§ **Dataset extract**:
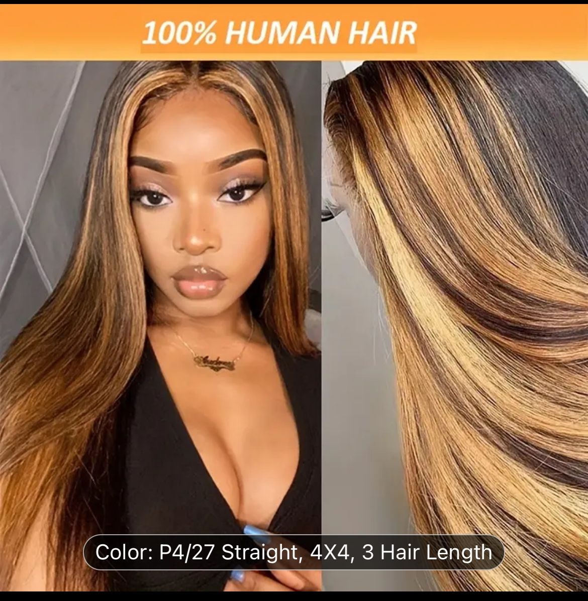 Totally New - Transparent Lace Front Wig - Brazilian Straight Human Hair 180% Density Pre-Plucked Natural Look Colored 20 Inches for Women, Elegant Style All Ethnicities, Fashion Accessory | Elegant Style Wig | Natural Human Hair
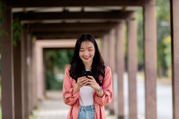Smiling student uses smartphone in modern library
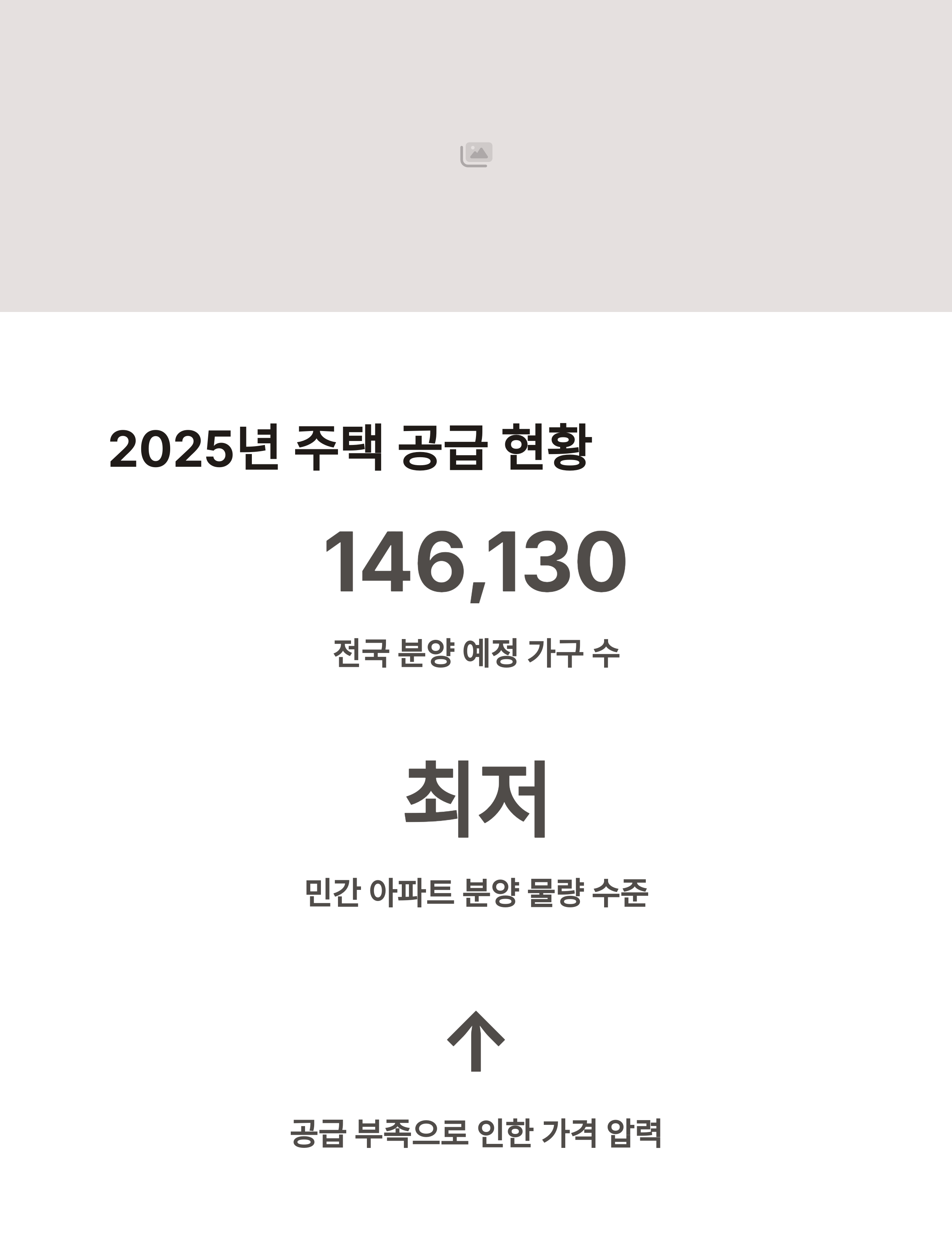 | 기준금리 인하 기대감이 커지고 있습니다. | 신규 분양과 재개발 공급 확대가 예고됩니다. | 거주 목적 매수자는 지금이 기회일 수 있습니다. |
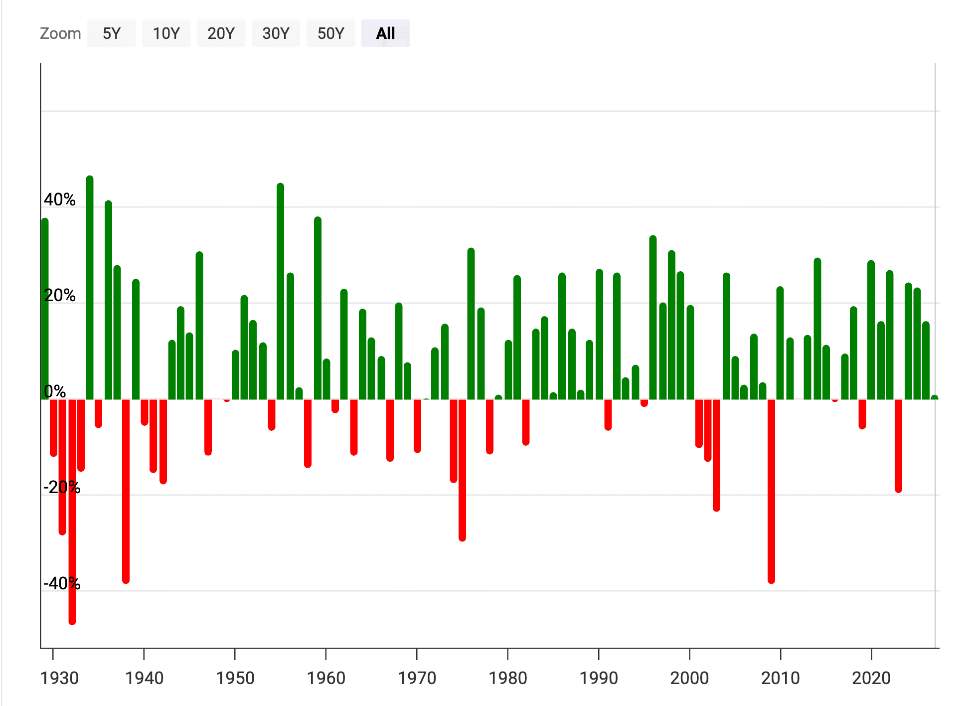 Podle dat J.P. Morgan činil průměrný intraroční pokles (největší propad v průběhu daného kalendářního roku) indexu S&P 500 zhruba 14,2 %. Přesto trh dokázal skončit v kladných číslech ve 35 z posledních 46 sledovaných let.

§ **Task requirements**:
Could you print the listing above word for word, without its pictures?

§ **Response**:
 Totally New - Transparent Lace Front Wig - Brazilian Straight Human Hair 180% Density Pre-Plucked Natural Look Colored 20 Inches for Women, Elegant Style All Ethnicities, Fashion Accessory | Elegant Style Wig | Natural Human Hair
Smiling student uses smartphone in modern library
 | 기준금리 인하 기대감이 커지고 있습니다. | 신규 분양과 재개발 공급 확대가 예고됩니다. | 거주 목적 매수자는 지금이 기회일 수 있습니다. |
 Podle dat J.P. Morgan činil průměrný intraroční pokles (největší propad v průběhu daného kalendářního roku) indexu S&P 500 zhruba 14,2 %. Přesto trh dokázal skončit v kladných číslech ve 35 z posledních 46 sledovaných let.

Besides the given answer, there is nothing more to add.